# Your assignment:
Down to the last line, set down the material below exactly; skip the pictures.

# Dataset content:
● ● ● ● ●

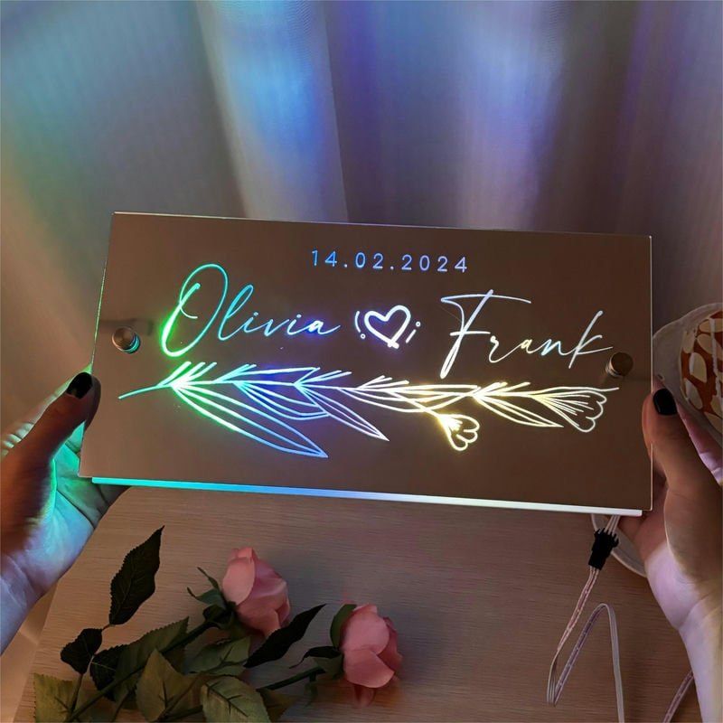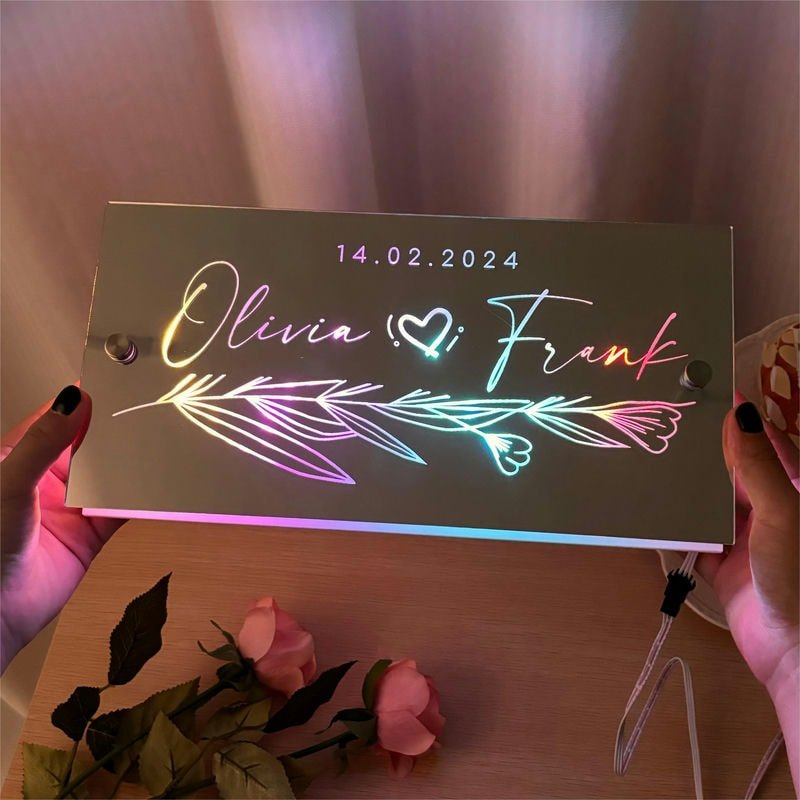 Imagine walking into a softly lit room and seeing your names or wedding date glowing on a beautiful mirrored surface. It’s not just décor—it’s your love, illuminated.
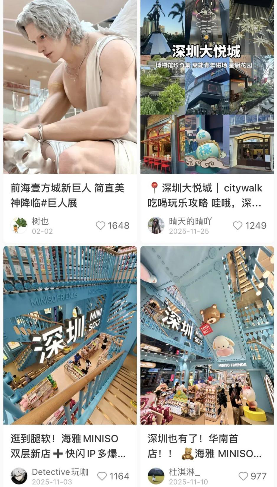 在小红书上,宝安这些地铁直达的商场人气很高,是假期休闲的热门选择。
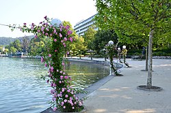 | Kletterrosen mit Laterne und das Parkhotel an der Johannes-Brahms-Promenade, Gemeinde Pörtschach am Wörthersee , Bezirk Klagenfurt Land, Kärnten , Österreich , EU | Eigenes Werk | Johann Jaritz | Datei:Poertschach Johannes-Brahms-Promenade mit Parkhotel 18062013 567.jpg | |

● ● ● ● ●

# Final answer:
 Imagine walking into a softly lit room and seeing your names or wedding date glowing on a beautiful mirrored surface. It’s not just décor—it’s your love, illuminated.
 在小红书上,宝安这些地铁直达的商场人气很高,是假期休闲的热门选择。
 | Kletterrosen mit Laterne und das Parkhotel an der Johannes-Brahms-Promenade, Gemeinde Pörtschach am Wörthersee , Bezirk Klagenfurt Land, Kärnten , Österreich , EU | Eigenes Werk | Johann Jaritz | Datei:Poertschach Johannes-Brahms-Promenade mit Parkhotel 18062013 567.jpg | |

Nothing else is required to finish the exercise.